[Start of Attachment]

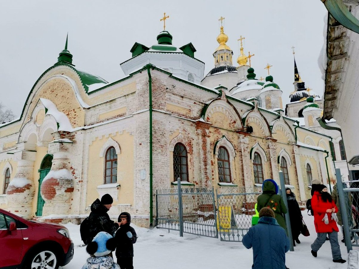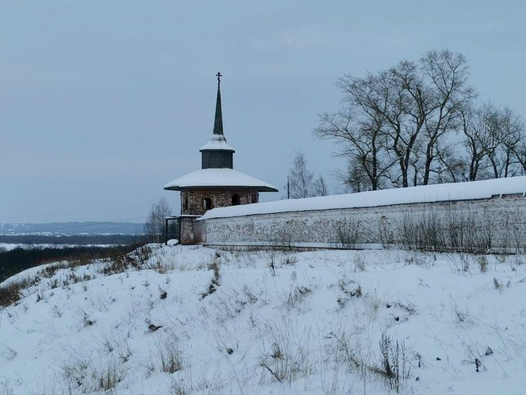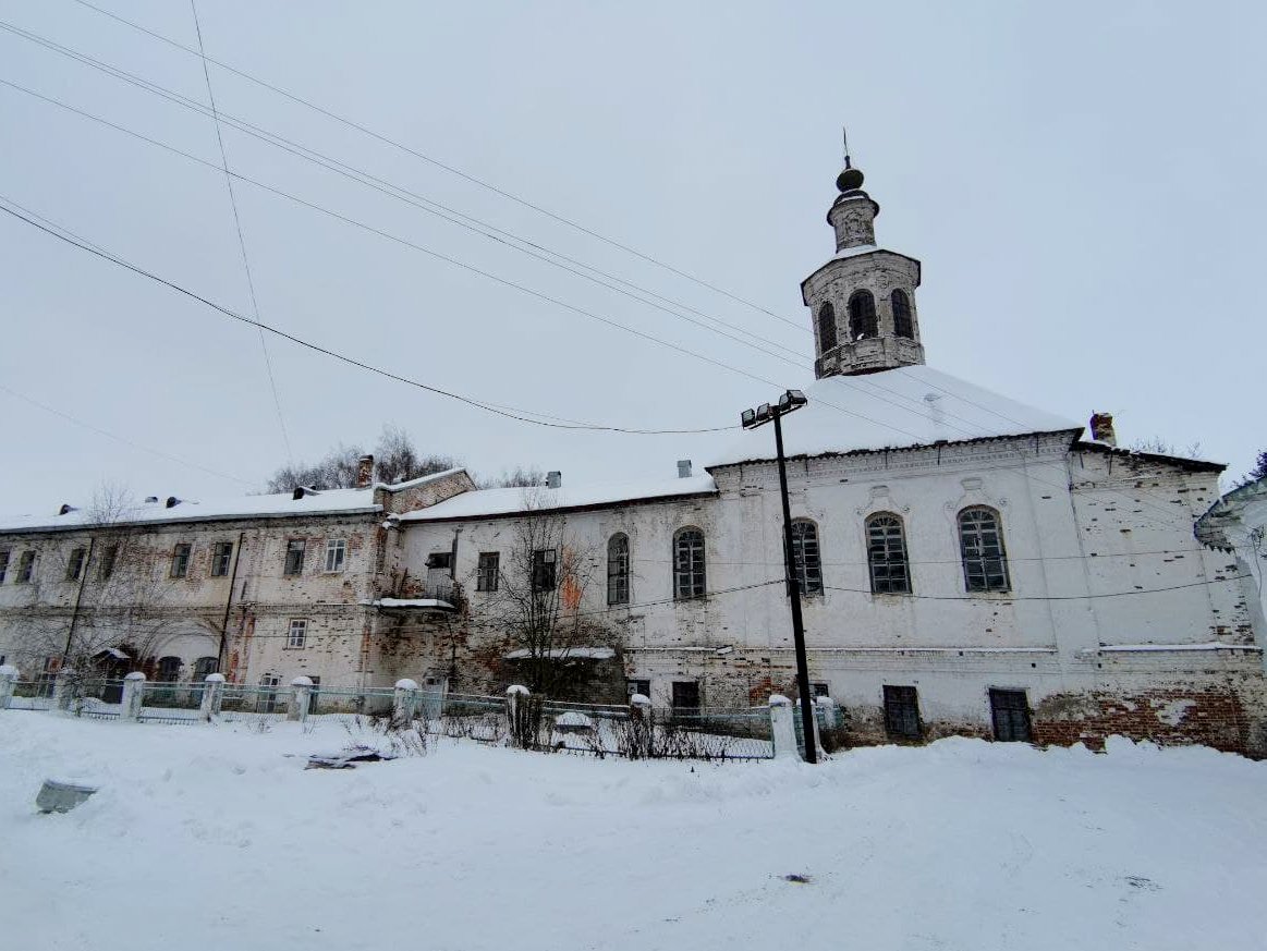 Дальше по курсу в город - Дымковская слобода. Нет, не здесь родилась дымковская игрушка. Она в соседней вятской (кировской) земле. Но, весьма, вероятно, та Дымка была основана выходцами из этой. Сегодня здесь стоит очень гармоничный комплекс из двух храмов XVIII века.
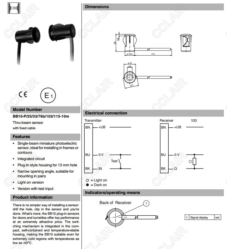 BB10-P/25/33/76b/103/115-10m,BB10-P/25/33/76b/103/115e,對射型傳感器
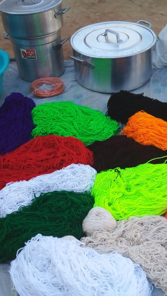 La Mar i la Roser formen part del món de la indústria tèxtil i van voler també fer una aportació d’aquest sector. Durant el seu dia a dia, veuen que moltes de les dones es dediquen a fer manualitats, és per això que es compra un teler i les llanes i estris que es necessiten per dur a terme aquesta activitat.
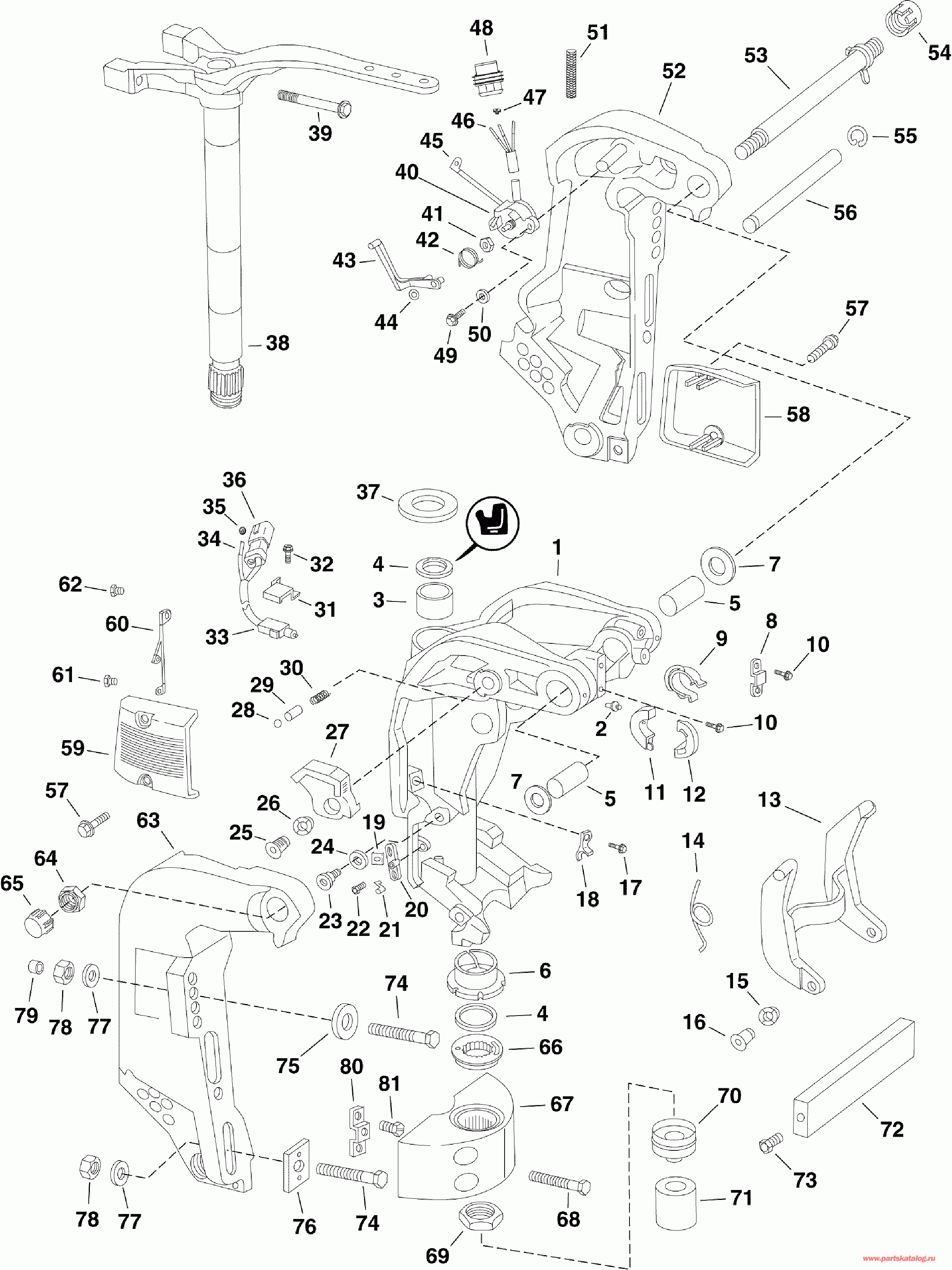 Крышка, Кронштейн транца, Starboard (COVER, Stern bracket, Starboard)
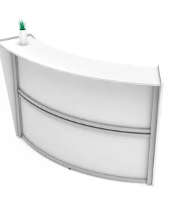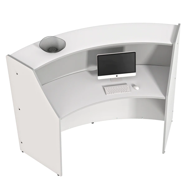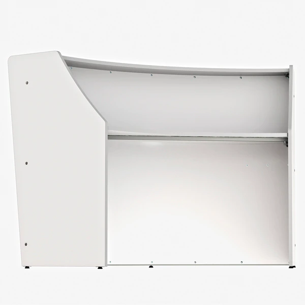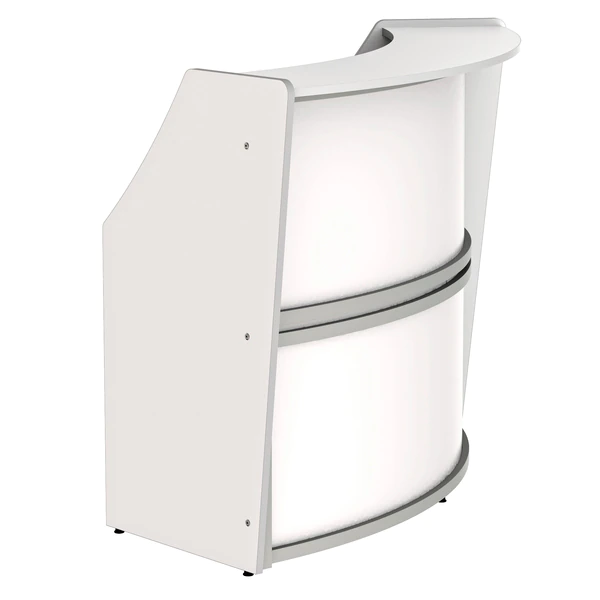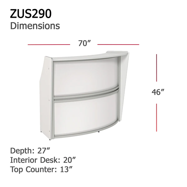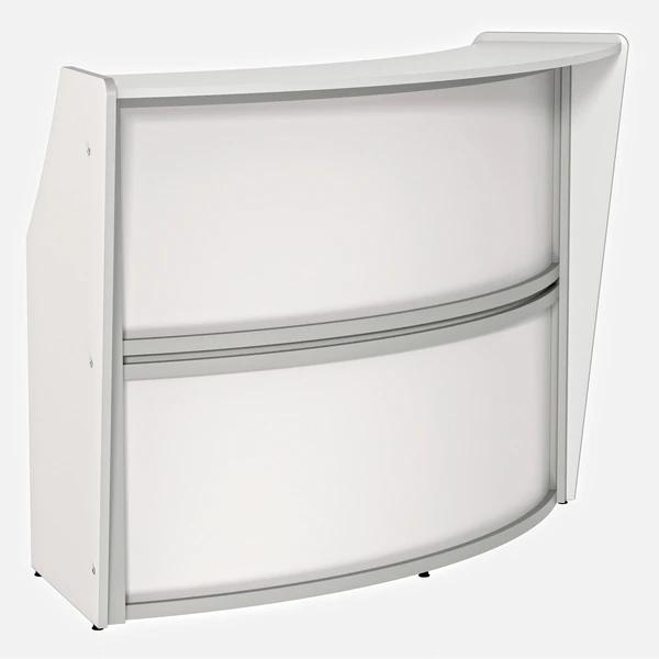 Linea Italia Curved Modern Reception Desk with Counter, Single Panel, Reception Station. Reception Desk Dimensions: 72”W x 32”D x 46”H and 13"D in top counter and 20"D inside table. Strong metal frame and laminated wood body in White finish. Modern, comtemporary design for Lobby, Salon, Office, Hospital, Clinical Center, School, Secretary, Receptionist. Easy to Assembly, no tools required, leveling glides for uneven flooring. Expertly shrink wrapped and packed to avoid damage during transit.

[End of Attachment]

## What the task requires
Would you restate word for word each line from the one that holds "Крышка, Кронштейн транца, Starboard" to the end of the material, both ends included, without the pictures?

## Task output
 Крышка, Кронштейн транца, Starboard (COVER, Stern bracket, Starboard)
 Linea Italia Curved Modern Reception Desk with Counter, Single Panel, Reception Station. Reception Desk Dimensions: 72”W x 32”D x 46”H and 13"D in top counter and 20"D inside table. Strong metal frame and laminated wood body in White finish. Modern, comtemporary design for Lobby, Salon, Office, Hospital, Clinical Center, School, Secretary, Receptionist. Easy to Assembly, no tools required, leveling glides for uneven flooring. Expertly shrink wrapped and packed to avoid damage during transit.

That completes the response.